To try to introduce context, we can combine open-ended and closed-ended questions (e.g., a respondent said they liked an ad and now they’re talking precisely about what they liked). The key is not in thinking broadly, but in shrinking down the scope of our problem by using other, previously established, structured data to build context and help inform future readings (you might benefit from visualizing this as “breadcrumb data,” as in Hansel and Gretel). Humans have evolved to derive conclusions in the context of their environment – we’re training machines to do the same.
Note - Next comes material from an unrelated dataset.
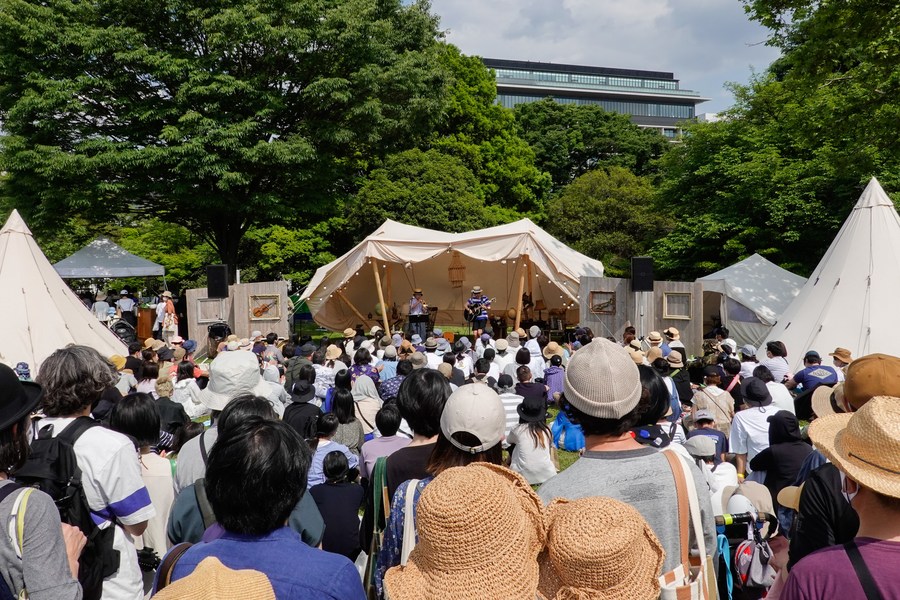 A music performance is held in a flea market at Showa Memorial Park in Tokyo, Japan, June 4, 2022.(Xinhua/Zhang Xiaoyu)

But does an auto-coded solution beat the human bias of manual coders? Yes. Traditionally, verbatims are coded by humans and, naturally, there is a level of subjectivity in coding this way. At Zappi, we wanted to know how an auto-coding solution compares to its manual equivalent, so we ran an experiment.

We had the same set of verbatims coded by four different manual coding companies, then created a master set of coded verbatims by identifying the common codes between providers. We then compared how well each coding company performed in matching against the master set of coded verbatims and found that on average, manual coding companies were able to match our master set 37 percent of the time. Our auto-coding solution, however, was able to match this master set 45 percent of the time.

The Next Evolution

According to Edd Gent for New ScientistOpens a new window , “The key innovation is realizing you can build a model of the user merely based on what they have said in the past.”

Above, you can see market research’s equivalent to Maslow’s hierarchy of needs: at the base level, we have high quality data. Next, the data is auto-coded (as discussed). Following this, charts are of secondary importance (currently our way of displaying the story). At the top of the pyramid: codified, automated analysis.

With an open-ended AI algorithm, it’s much harder to input vague, surface-level responses as users tend toward evocative, honest statements (in other words, better data). In which case, the norms we’re used to seeing – built for closed questions without accounting for nuance – may stray from accuracy. If we can materially improve the data we produce, we risk paralyzing ourselves with fear that these norms databases will be invalidated.

Resisting such huge technological strides would be a mistake. Letting go of our attachment to norms, and choosing to measure in absolutes rather than in relatives, may prove an essential pivot for the industry.

But our vision extends beyond the top of the pyramid above. Rather than calibrating new norms, we want to treat the analyst as a brand-new data point. We think the patterns uncovered in their data, in the actions they take and the effectiveness of their actions, can function as a feedback loop, anchoring the reliability of our data in real-world business decisions and their outcomes.